Supplied data:
■ ■ ■
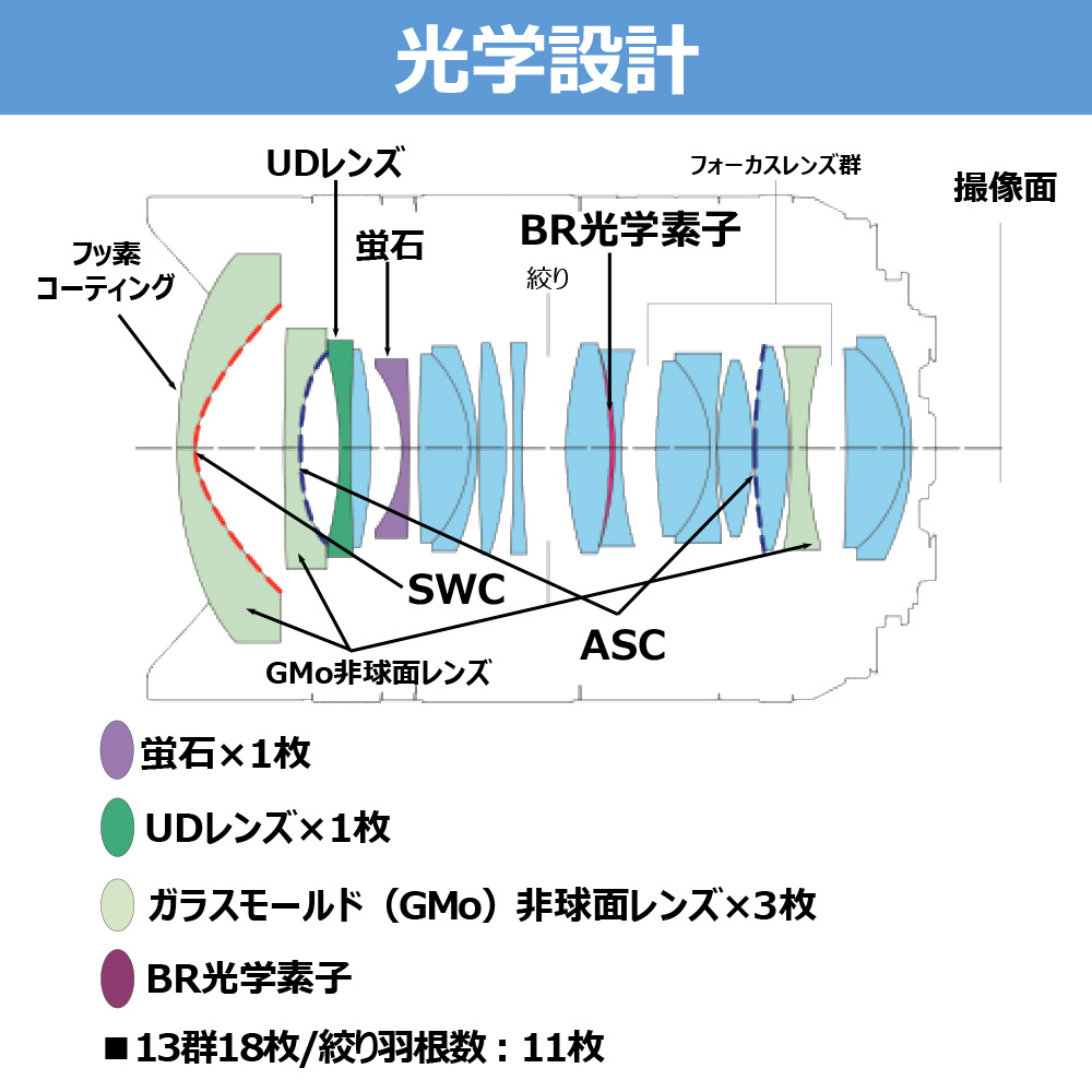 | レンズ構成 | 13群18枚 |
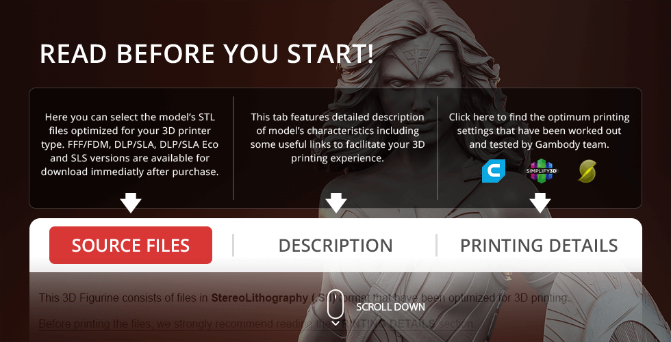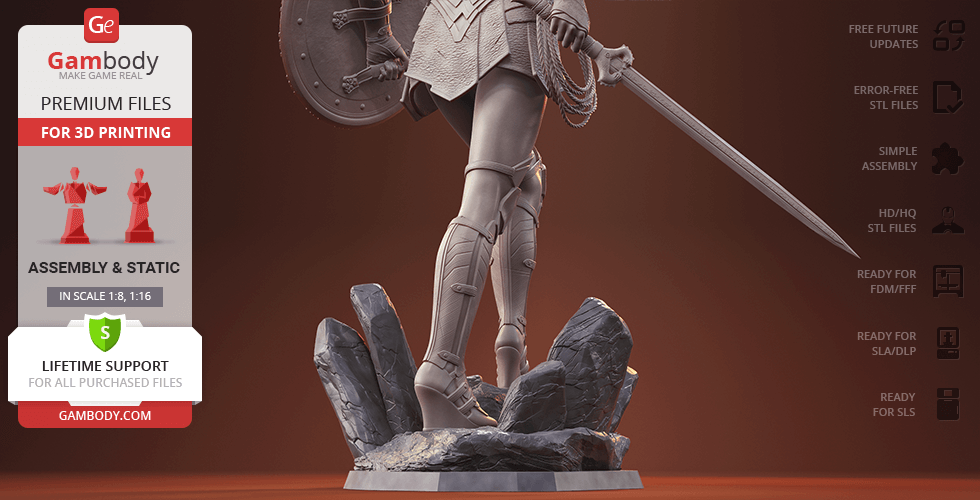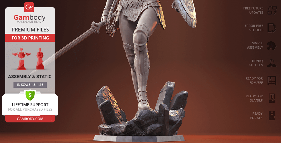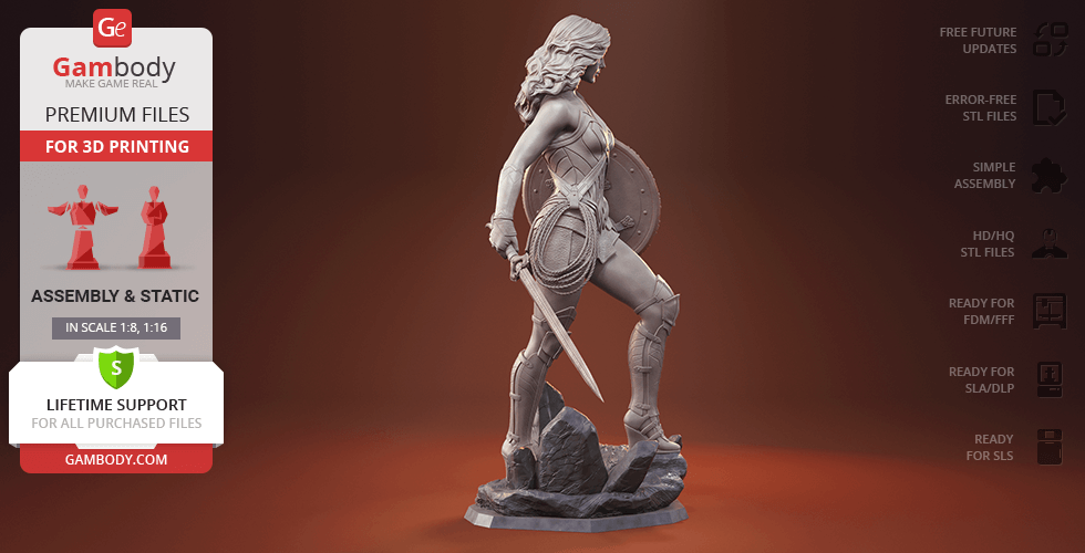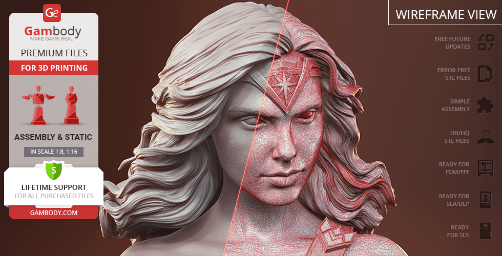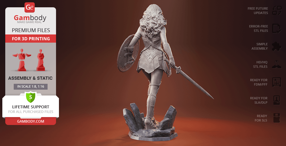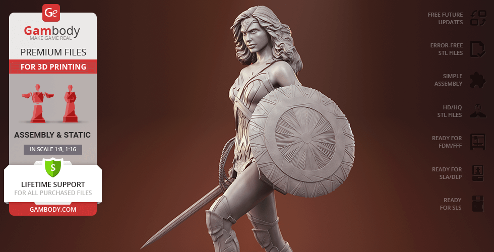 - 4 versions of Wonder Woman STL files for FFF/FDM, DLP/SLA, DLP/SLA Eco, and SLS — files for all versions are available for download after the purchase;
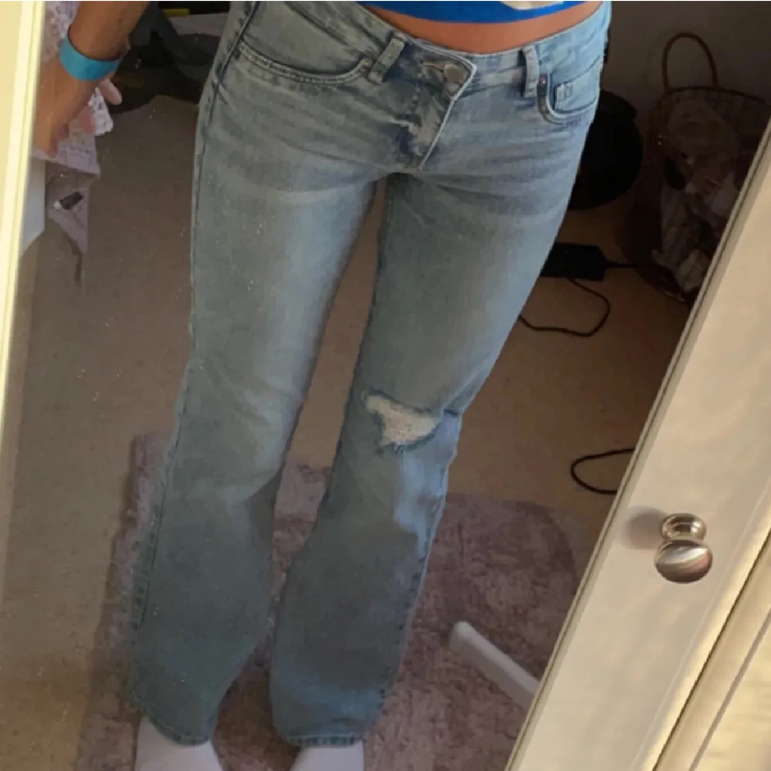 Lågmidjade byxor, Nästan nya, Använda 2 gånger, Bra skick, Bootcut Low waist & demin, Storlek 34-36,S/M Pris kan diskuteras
■ ■ ■
Return the lines of the data above in full and exactly, with no pictures.

Solved problem:
 | レンズ構成 | 13群18枚 |
 - 4 versions of Wonder Woman STL files for FFF/FDM, DLP/SLA, DLP/SLA Eco, and SLS — files for all versions are available for download after the purchase;
 Lågmidjade byxor, Nästan nya, Använda 2 gånger, Bra skick, Bootcut Low waist & demin, Storlek 34-36,S/M Pris kan diskuteras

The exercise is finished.